I have a file example.txt as follows :
Code:
SomeTextGoesHere
[ASD.EXAMPLE@ABCD]
$$TODAY_DT=20140818

[FGH.EXAMPLE@ABCD]
$$TODAY_DT=20140818

[QWE.EXAMPLE@ABCD]
$$TODAY_DT=20140818

I need to automatically update the date (20140818) in the above file, by getting the new date as argument, using a shell script.
(It would even be better if I could pass both the file name, in which the date should be updated, and date as arguments)

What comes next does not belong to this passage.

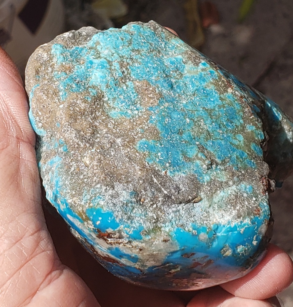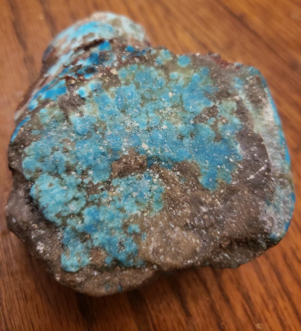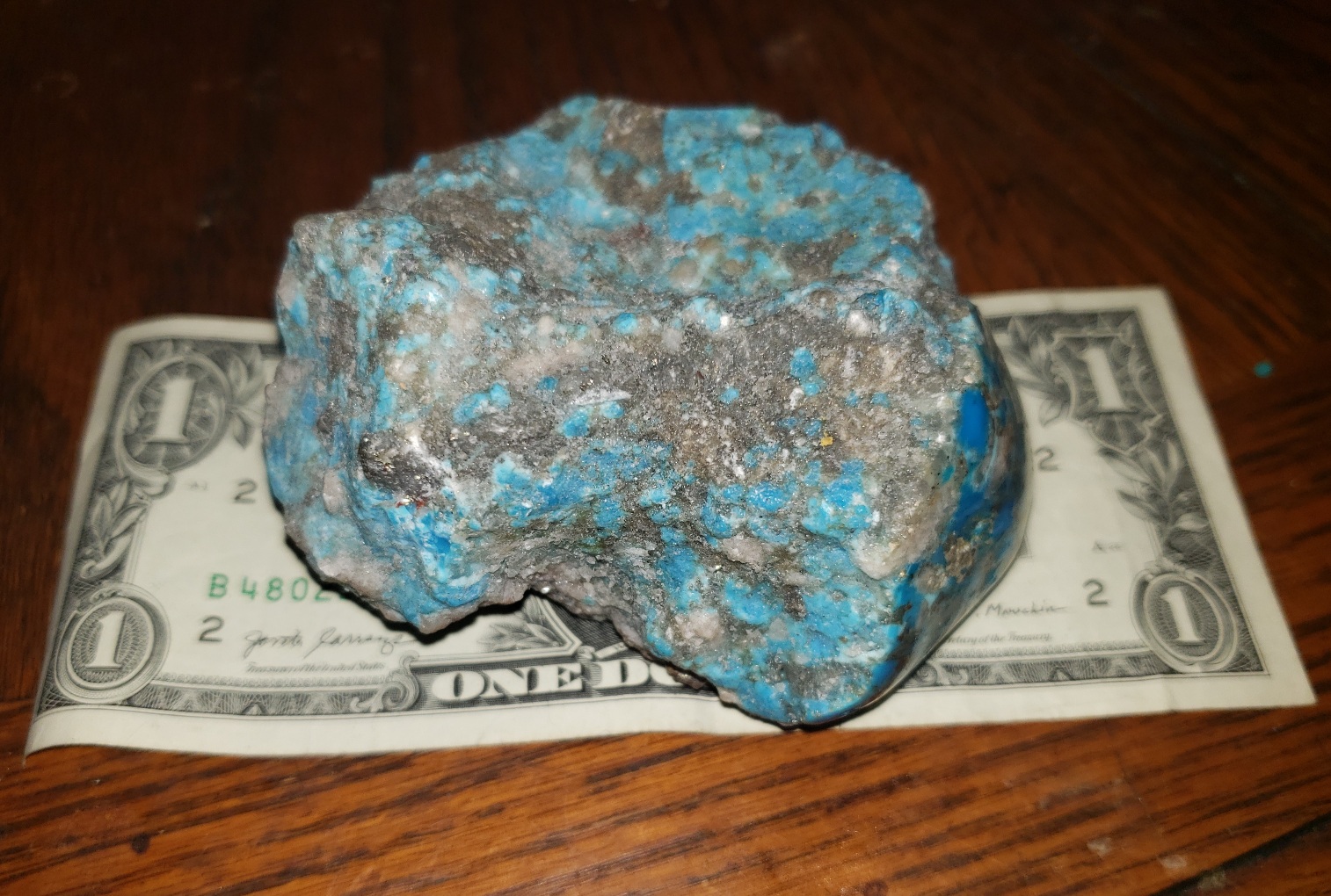 I forget what the yield is per pound of rough, I am thinking it was something like 1500 carats. That depends on the rock, some can have a better yield and others more waste. It looks stabilized? I would lean more Kingman. Seeing that around $1.25 per carat, going with 1500 carats x .86 gives us maybe 1290 carats. If you break it down that way you are looking at $1612.50. Of course definitely a lot to do before you get there. We had some not as nice as this come through for $50 a pound, I would guess yours somewhere around $200 - $250.

I tried greping the line where the date occurs using
Code:
grep '[0-9]' a.txt

which gives the output as :
Code:
$$TODAY_DT=20140818
$$TODAY_DT=20140818
$$TODAY_DT=20140818

Now I don't know how to give this output as input to a sed command and replace the date(only date, the numeric part).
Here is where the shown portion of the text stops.